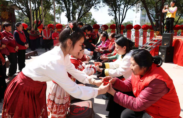 第三篇章“文化传承·互动共生”聚焦孝道文化的当代传播。孝亲故事分享环节,孝亲模范讲述自身践行孝道的真实经历,志愿者生动演绎三公主“红线助民、体恤苍生”的传说,让现场参与者深刻感受孝道的温暖与力量。非遗孝亲体验区里,香囊手作、孝亲寄语、孝道问答等互动活动精彩纷呈,参与者亲手制作祈福香囊赠予长辈,在寄语墙上写下对长辈的美好祝福,除香囊手作、孝亲寄语、孝道问答外,特别融入非遗米龙孝文化展示与体验,参与者可近距离观赏非遗米龙作品,感受传统非遗与孝道文化的深度融合;以非遗之礼寄孝亲之情,在趣味互动中深入了解三公主文化、闽地孝道习俗及非遗米龙文化的深厚底蕴,沉浸式感受传统文化的魅力。最后,全体参与者齐声祈福,共祝天下长辈福寿安康。
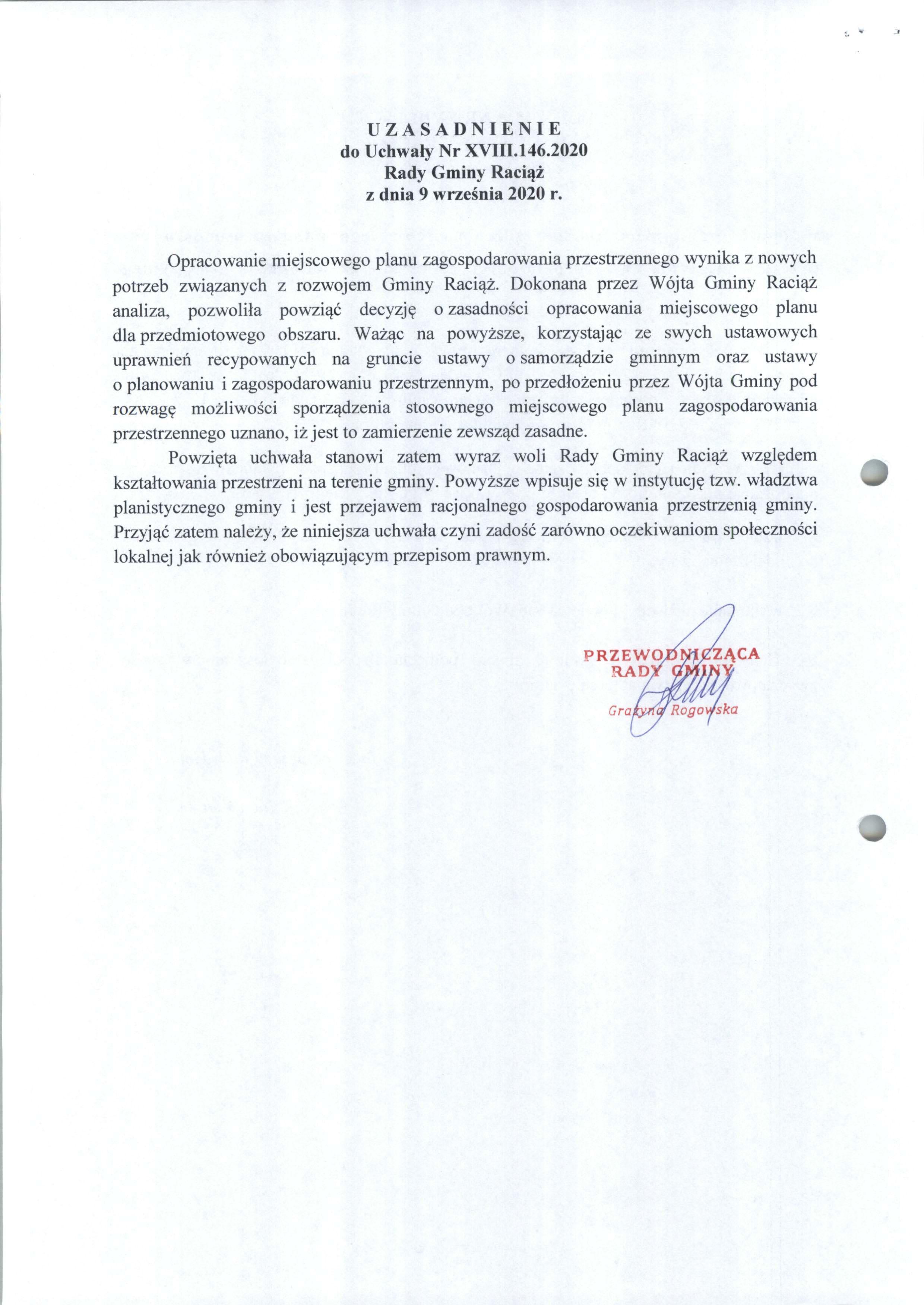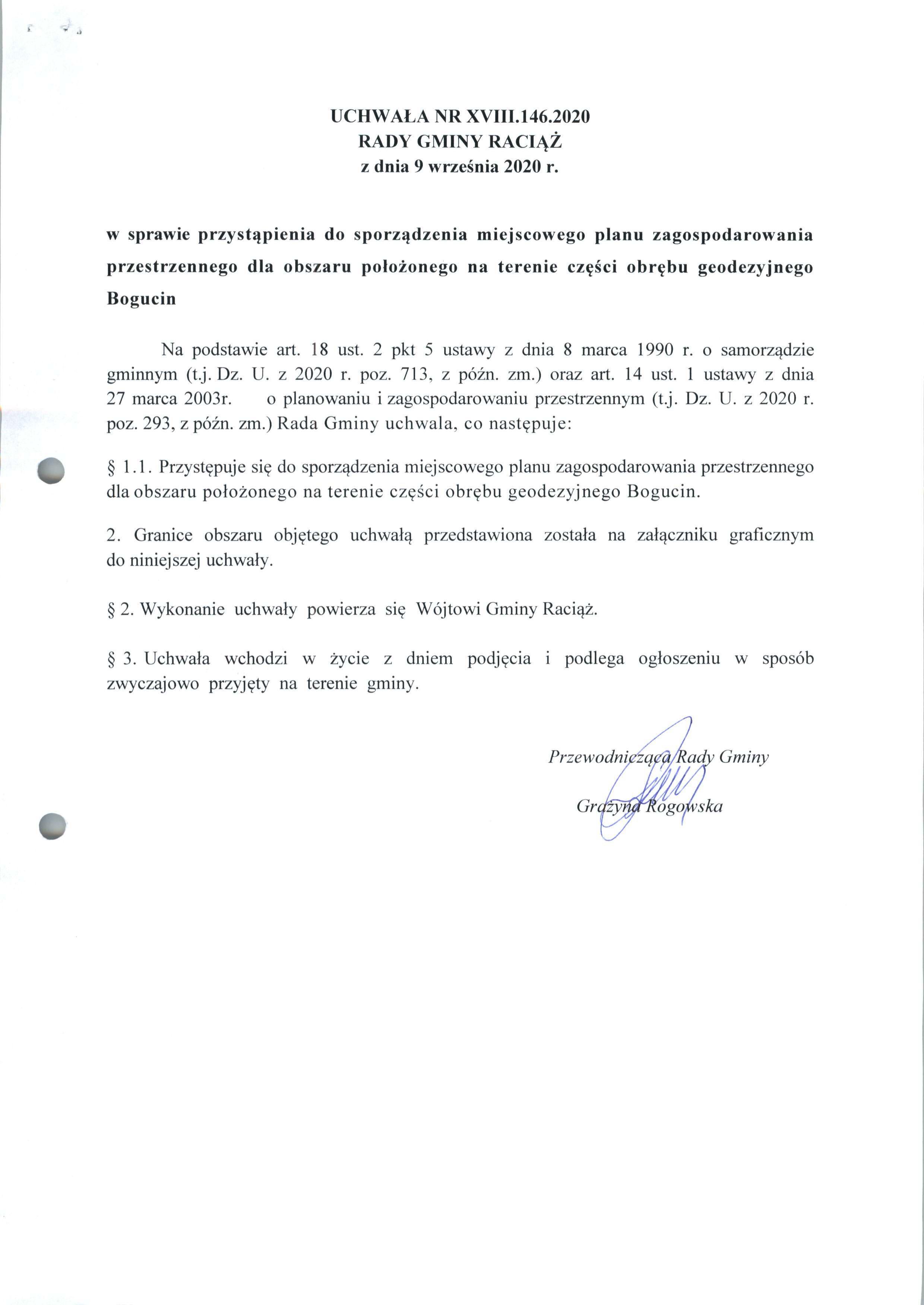 UCHWAŁA Nr XVIII.146.2020 RADY GMINY RACIĄŻ z dnia 9 września 2020 roku
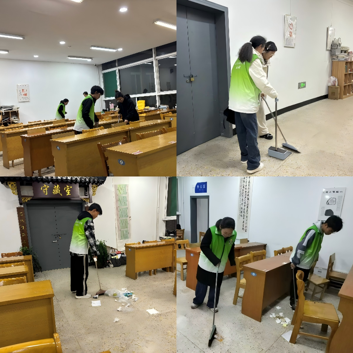“爱之家”青年志愿者协会与山西师范大学图书管理委员会于2024年10月31日在学校图书馆开展了“净美书阁处,焕亮阅读路”图书馆志愿清扫活动。
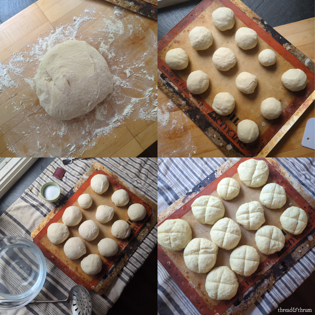 Shape those pieces into balls, placing them on your baking pan seam side down.
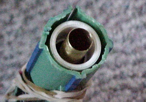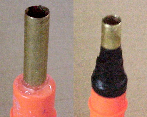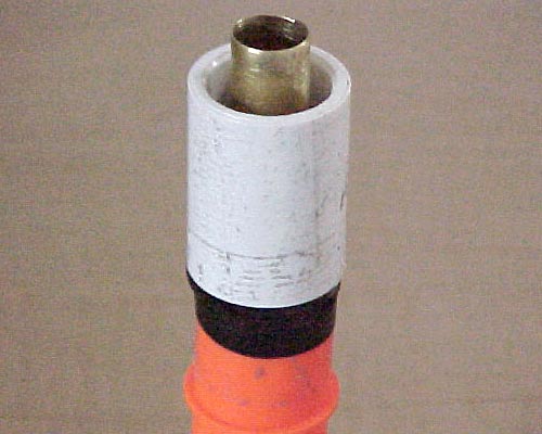 Take a 6" piece of 1/2" PVC, a 5-6" piece of 9/16 brass. Wrap electrical tape around both ends of the brass the nest it in the PVC. You know the drill. Let me note that the barrel in the pic is too short. Anything under 5" or over 6" is going to lose range.
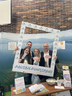 Die Chiemgau GmbH Wirtschaftsförderung lädt unter der Schirmherrschaft von Landrat Siegfried Walch zusammen mit dem Wirtschaftsverband Landkreis Traunstein e. V. jährlich zur AUSBILDUNGSROAS. In diesem Jahr war auch ein Stand der Gemeinde Seeon-Seebruck dabei. Hier präsentierten wir unsere drei möglichen Ausbildungsberufe: Erzieherpraktikanten (m/w/d) für das Sozialpädagogische Einführungsjahr (SEJ), Verwaltungsfachangestellte (m/w/d) Fachrichtung Kommunalverwaltung und Kaufleute (m/w/d) für Tourismus und Freizeit.
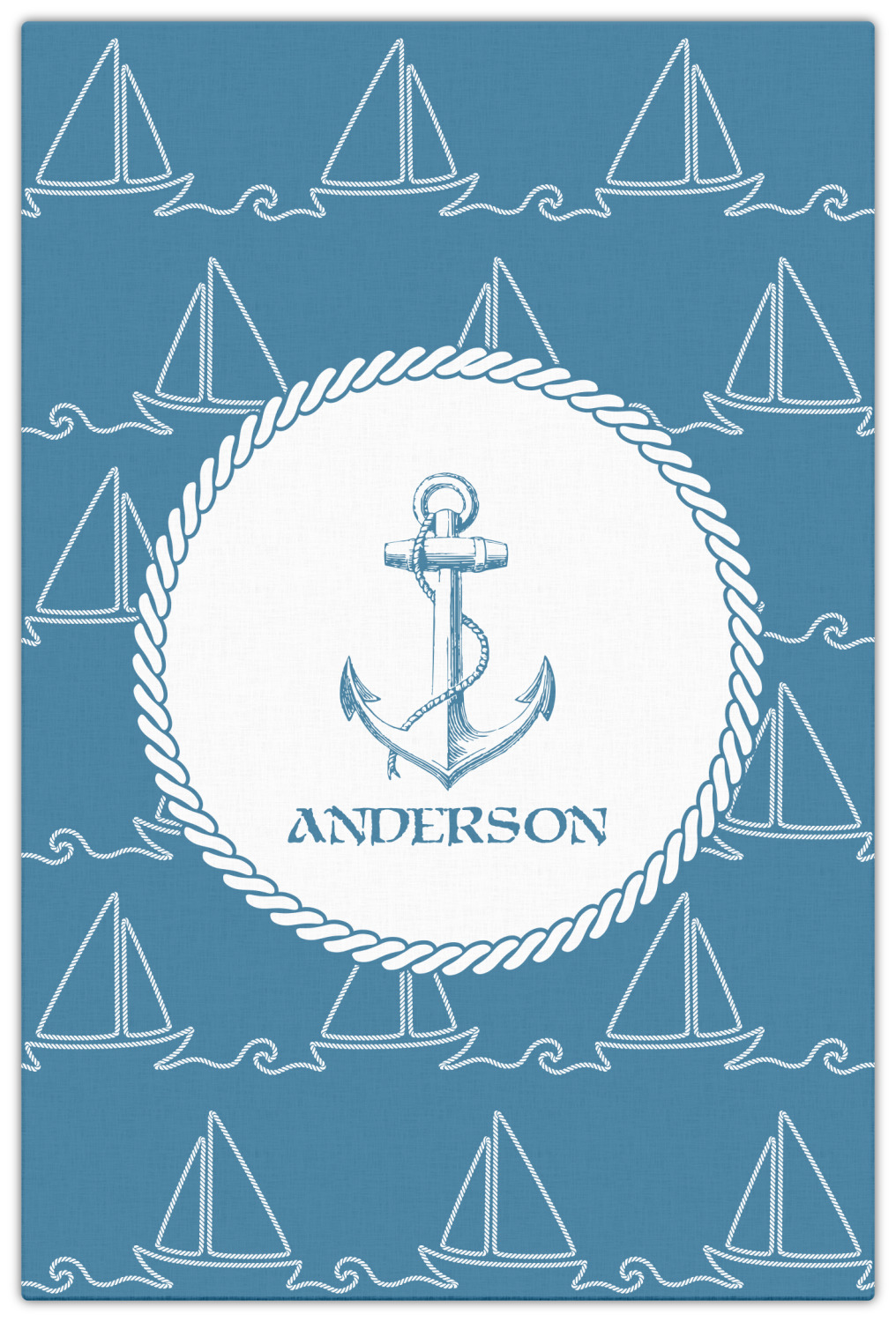 In the center of the design is a roped label and anchor. Put the personalization of your choice underneath.
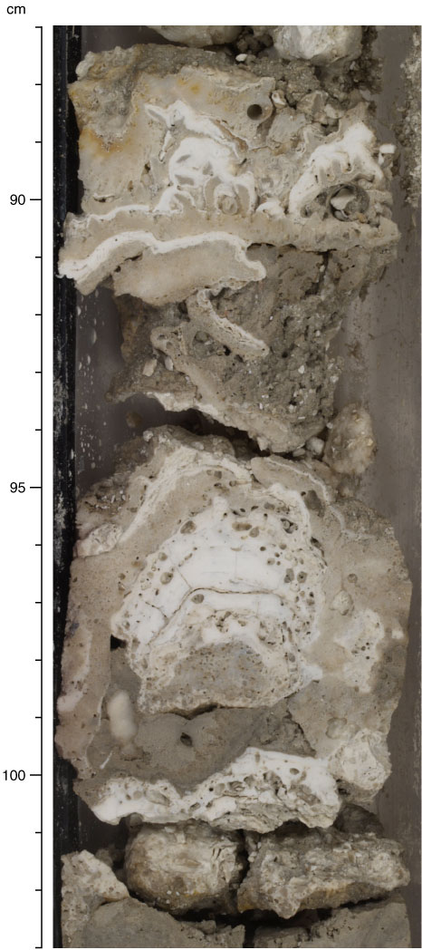Figure F21. Interlayered encrusting corals (Lepastrea, agariciids, Porites, and Montipora) (Subunit 1B; interval 310-M0017A-14R-1, 87–103 cm).
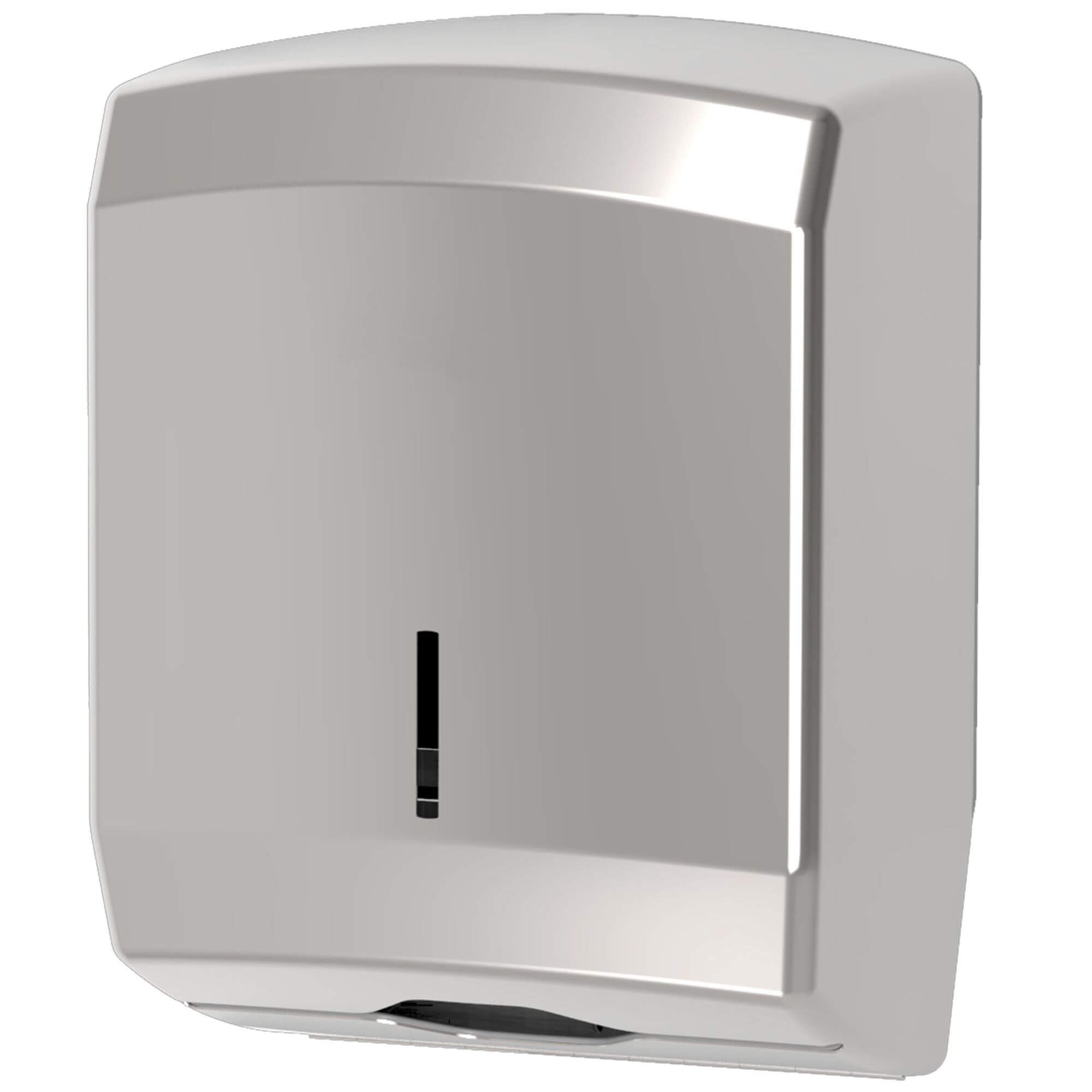 Nowoczesny stalowy dozownik do ręczników składanych w V, ZZ w wykończeniu błysk. Produkowany w Unii Europejskiej charakteryzuje się unikalnym i nowoczesnym wyglądem spełniającym wymagania dzisiejszego rynku utrzymania czystości. Produkowany z poszanowaniem środowiska produkt jest bardzo wysokiej jakości.

• [THE TASK]:
Copy out the entries exactly. No pictures.

• [ANSWER]:
 第三篇章“文化传承·互动共生”聚焦孝道文化的当代传播。孝亲故事分享环节,孝亲模范讲述自身践行孝道的真实经历,志愿者生动演绎三公主“红线助民、体恤苍生”的传说,让现场参与者深刻感受孝道的温暖与力量。非遗孝亲体验区里,香囊手作、孝亲寄语、孝道问答等互动活动精彩纷呈,参与者亲手制作祈福香囊赠予长辈,在寄语墙上写下对长辈的美好祝福,除香囊手作、孝亲寄语、孝道问答外,特别融入非遗米龙孝文化展示与体验,参与者可近距离观赏非遗米龙作品,感受传统非遗与孝道文化的深度融合;以非遗之礼寄孝亲之情,在趣味互动中深入了解三公主文化、闽地孝道习俗及非遗米龙文化的深厚底蕴,沉浸式感受传统文化的魅力。最后,全体参与者齐声祈福,共祝天下长辈福寿安康。
 UCHWAŁA Nr XVIII.146.2020 RADY GMINY RACIĄŻ z dnia 9 września 2020 roku
“爱之家”青年志愿者协会与山西师范大学图书管理委员会于2024年10月31日在学校图书馆开展了“净美书阁处,焕亮阅读路”图书馆志愿清扫活动。
 Shape those pieces into balls, placing them on your baking pan seam side down.
 Take a 6" piece of 1/2" PVC, a 5-6" piece of 9/16 brass. Wrap electrical tape around both ends of the brass the nest it in the PVC. You know the drill. Let me note that the barrel in the pic is too short. Anything under 5" or over 6" is going to lose range.
 Die Chiemgau GmbH Wirtschaftsförderung lädt unter der Schirmherrschaft von Landrat Siegfried Walch zusammen mit dem Wirtschaftsverband Landkreis Traunstein e. V. jährlich zur AUSBILDUNGSROAS. In diesem Jahr war auch ein Stand der Gemeinde Seeon-Seebruck dabei. Hier präsentierten wir unsere drei möglichen Ausbildungsberufe: Erzieherpraktikanten (m/w/d) für das Sozialpädagogische Einführungsjahr (SEJ), Verwaltungsfachangestellte (m/w/d) Fachrichtung Kommunalverwaltung und Kaufleute (m/w/d) für Tourismus und Freizeit.
 In the center of the design is a roped label and anchor. Put the personalization of your choice underneath.
Figure F21. Interlayered encrusting corals (Lepastrea, agariciids, Porites, and Montipora) (Subunit 1B; interval 310-M0017A-14R-1, 87–103 cm).
 Nowoczesny stalowy dozownik do ręczników składanych w V, ZZ w wykończeniu błysk. Produkowany w Unii Europejskiej charakteryzuje się unikalnym i nowoczesnym wyglądem spełniającym wymagania dzisiejszego rynku utrzymania czystości. Produkowany z poszanowaniem środowiska produkt jest bardzo wysokiej jakości.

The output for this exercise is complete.